Political strife in the Middle East nearly always adds to price volatility in oil markets. According to oil market research, each physical shock in oil markets, because of the inelastic nature of supply and demand, can yield up to a multiple of ten times the amount of oil held off or impacted by the market, in the short-run. Meaning a shock that was a 0.47% reduction to world supply, could conceivably yield a 4.7% price increase. This is a rough guide and varies according to the particulars of the case.
In 2012, Egypt’s total oil production averaged around 720,000 barrels per day. “Egypt produces something less than 1 million bbl/day of crude, of which about half comes from newer fields in the Gulf of Suez (less than 1% of total world production), so I don’t think that any jitters in the oil markets are directly related to Egyptian production per se,” notes Frank Kryza, author and expert in North African affairs and former oil executive. (Many of the new finds have been a result of U.S.-based Apache’s exploration.) “Rather they [the jitters] have to do with a possible conflagration of unrest and turmoil spreading from Cairo to other parts of the Middle East, home to the more significant producers,” Kryza says. “Egypt has been the bell weather of the Arab Spring and I suspect that other groups are gauging the degree to which their efforts can get traction by watching events in Cairo.”

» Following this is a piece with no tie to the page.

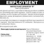 EMPLOYMENT: Water Plant Operator “B”, Town of Winnsboro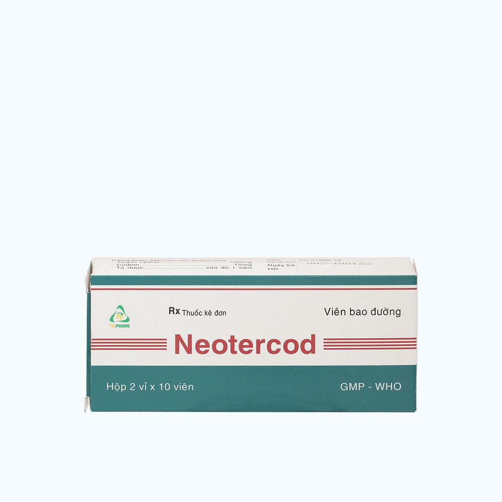 Thuốc Neotercod là sản phẩm của công ty TV.Pharm chứa hoạt chất Codein camfosulfonat; Sulfoguaiacol; Cao mềm Grindelia 25mg;100mg; 20mg điều trị triệu chứng ho khan, ho do kích ứng (2 vỉ x 10 viên)

Kryza believes oil markets are not going to overreact to events in Egypt. “The oil traders are more focused on the bigger producers,” says Kryza “but I suppose you’d get blips up and down of a few dollars per barrel whenever the headlines from Cairo look good or bad.” Egypt’s perils could impact the liquified natural gas (LNG) trade. In 2012, 1.5 trillion cubic feet (tcf), or around 13% of total LNG traded worldwide flowed through the Suez Canal.
The countries in the Southern Mediterranean, such as Tunisia, Algeria and Libya, which have parallel experiences with the Arab Spring, are most closely watching events in Egypt, suggests Kryza. “I can’t help but notice that when the Morsi forces are looking stronger, the Ennhada group in Tunisia (which is the pro-Islamic organization in Tunis) seems to get their energy levels up; and when the pro-secular forces seem to be doing well, it is the secular forces in the other countries that seem more vocal.”
That the price of oil hasn’t risen higher is notable. Do the markets believe that the re-casting of political power in Egypt towards the military and away from the Muslim Brotherhood is a positive step? The economist’s viewpoint might forecast a future value, but the political scientist and diplomat would have a more nuanced view of these developments. The Arab Spring and its reversals are unchartered waters of vascillating tides of human suffering.